Michael Feroli, chief U.S. economist at JPMorgan, pointed out that much of the Fed Chair’s influence stems from institutional tradition rather than legal mechanics. “Most of the power of the leadership stems from the historical deference,” he wrote, highlighting how the Fed’s authority is based on precedent and credibility rather than rigid command.
Pushback Within the Fed Could Stall Any Shift
Peter Sidorov of Deutsche Bank emphasized that a unilateral move to install a more compliant leader could backfire. “Monetary policy actions are taken by majority vote,” Sidorov explained. “Removing Powell could lead to increased pushback from other members against pressure on the Fed to deliver easier policy.”
Trump’s criticisms have intensified in recent days, including a social media post labeling Powell “a major loser,” triggering market volatility. The White House’s economic advisor Kevin Hassett confirmed last week that options for removing the Fed chair were actively being discussed, though the legal standing remains murky.
Legal Barriers and a Watchful Supreme Court
Powell’s current term as Fed Chair ends next year, and he has previously stated his belief that a president cannot legally remove him mid-term. A pending Supreme Court case on presidential authority over federal board members may eventually clarify the legal boundaries.

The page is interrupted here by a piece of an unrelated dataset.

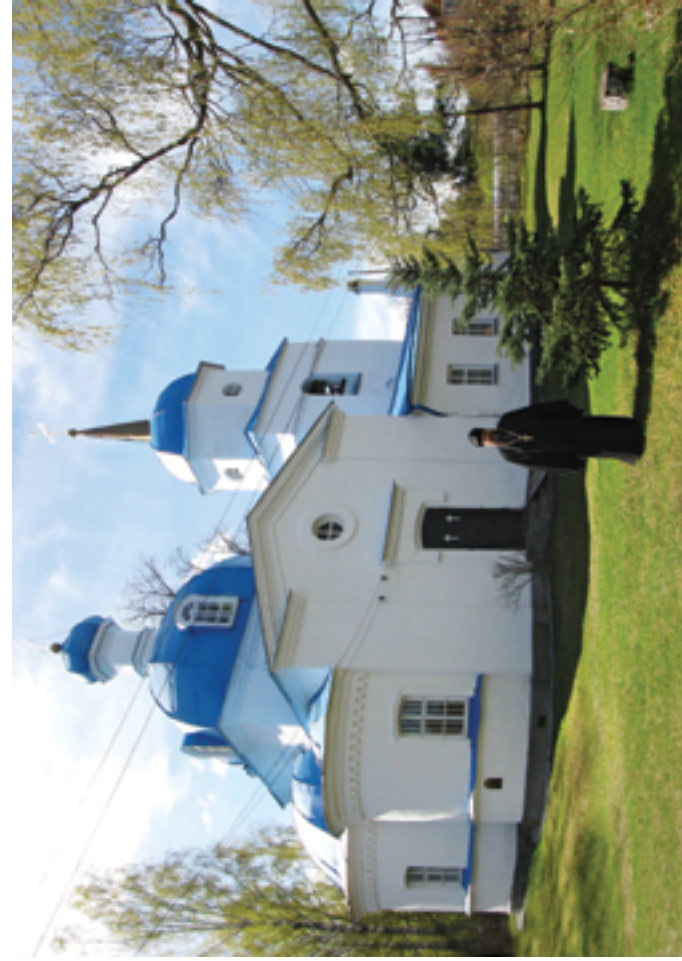
Храм Покрова Божией Матери после ремонта. 2010 год

Markets Are Already Feeling the Pressure
Meanwhile, markets are reacting with visible unease. U.S. equities, bonds, and the dollar have all shown signs of stress amid the uncertainty, with investors increasingly concerned about both policy direction and institutional stability.
Feroli warned that undermining the Fed’s autonomy could accelerate inflation risks, especially in a climate already pressured by tariffs and elevated expectations. “It has been hoped that these adverse consequences would dissuade the president from threatening Fed independence,” he said. “Though so far, the president has often followed through on his intentions.”